* [DATA LISTING]:
★ ★ ★ ★ ★

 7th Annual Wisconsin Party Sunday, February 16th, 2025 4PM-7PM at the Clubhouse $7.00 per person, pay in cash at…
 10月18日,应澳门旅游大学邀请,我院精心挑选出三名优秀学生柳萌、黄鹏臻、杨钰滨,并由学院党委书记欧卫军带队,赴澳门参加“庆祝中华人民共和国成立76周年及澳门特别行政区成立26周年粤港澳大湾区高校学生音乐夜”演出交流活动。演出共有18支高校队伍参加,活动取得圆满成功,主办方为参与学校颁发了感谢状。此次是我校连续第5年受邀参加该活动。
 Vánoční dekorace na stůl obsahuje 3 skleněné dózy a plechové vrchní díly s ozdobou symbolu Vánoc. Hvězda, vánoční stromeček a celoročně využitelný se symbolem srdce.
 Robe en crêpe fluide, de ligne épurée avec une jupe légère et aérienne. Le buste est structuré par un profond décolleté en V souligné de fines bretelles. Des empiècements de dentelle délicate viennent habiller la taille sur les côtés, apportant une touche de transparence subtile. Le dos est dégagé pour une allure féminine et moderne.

★ ★ ★ ★ ★

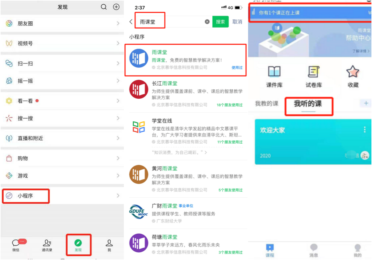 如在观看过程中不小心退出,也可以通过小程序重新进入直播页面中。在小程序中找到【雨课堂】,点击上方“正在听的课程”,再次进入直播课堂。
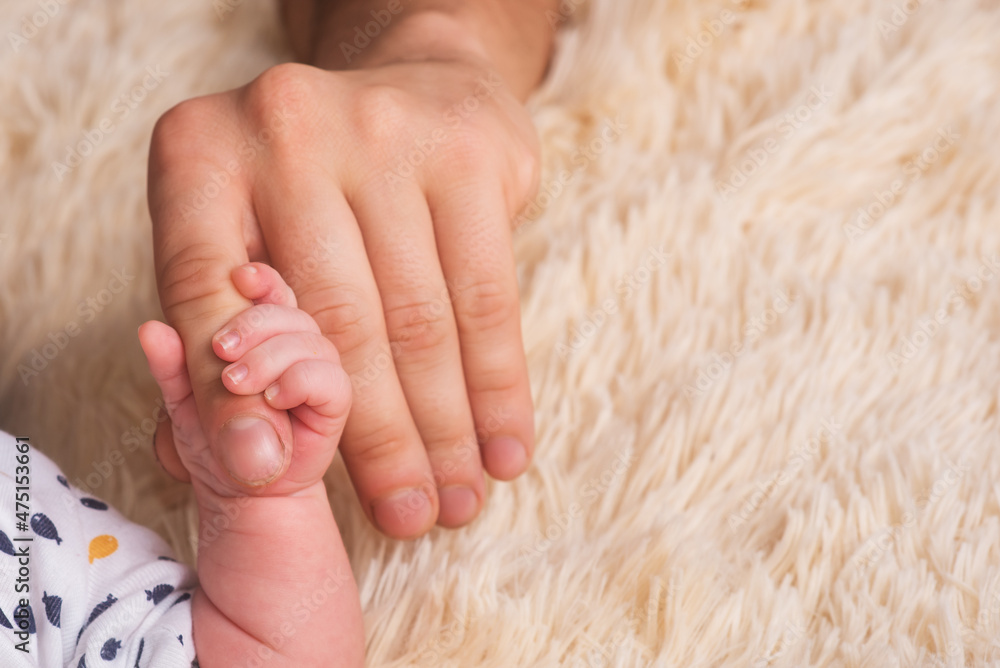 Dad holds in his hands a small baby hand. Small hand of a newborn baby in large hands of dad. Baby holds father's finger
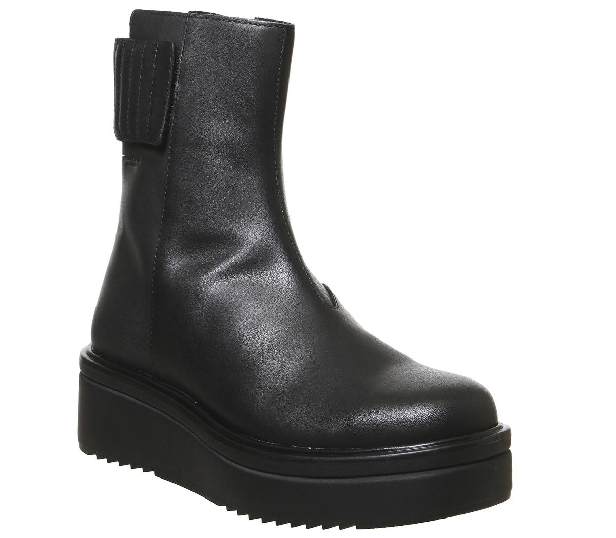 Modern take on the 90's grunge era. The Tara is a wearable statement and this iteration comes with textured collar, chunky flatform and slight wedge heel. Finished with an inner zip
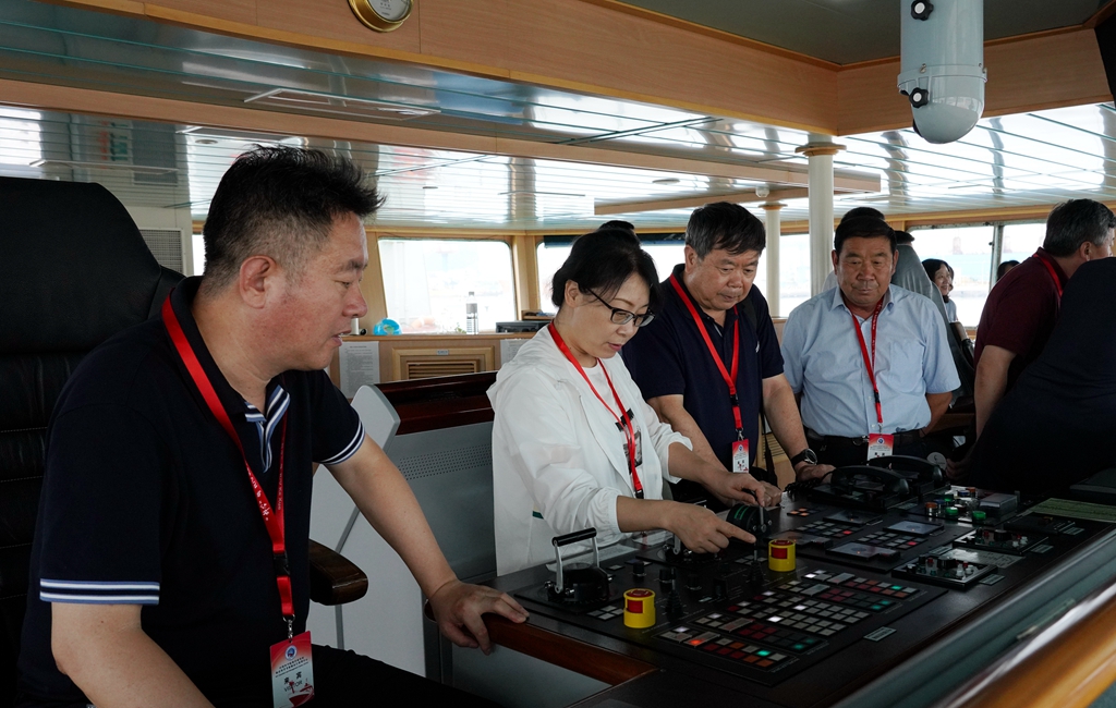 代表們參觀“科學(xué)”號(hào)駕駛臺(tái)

★ ★ ★ ★ ★

* [PROBLEM TO WORK ON]: Everything from the line with "7th Annual Wisconsin" through the line with "Robe en crêpe" should be written out exactly as it appears above, end lines included, and nothing outside that range.

* [RESPONSE TO THIS TASK]:
 7th Annual Wisconsin Party Sunday, February 16th, 2025 4PM-7PM at the Clubhouse $7.00 per person, pay in cash at…
 10月18日,应澳门旅游大学邀请,我院精心挑选出三名优秀学生柳萌、黄鹏臻、杨钰滨,并由学院党委书记欧卫军带队,赴澳门参加“庆祝中华人民共和国成立76周年及澳门特别行政区成立26周年粤港澳大湾区高校学生音乐夜”演出交流活动。演出共有18支高校队伍参加,活动取得圆满成功,主办方为参与学校颁发了感谢状。此次是我校连续第5年受邀参加该活动。
 Vánoční dekorace na stůl obsahuje 3 skleněné dózy a plechové vrchní díly s ozdobou symbolu Vánoc. Hvězda, vánoční stromeček a celoročně využitelný se symbolem srdce.
 Robe en crêpe fluide, de ligne épurée avec une jupe légère et aérienne. Le buste est structuré par un profond décolleté en V souligné de fines bretelles. Des empiècements de dentelle délicate viennent habiller la taille sur les côtés, apportant une touche de transparence subtile. Le dos est dégagé pour une allure féminine et moderne.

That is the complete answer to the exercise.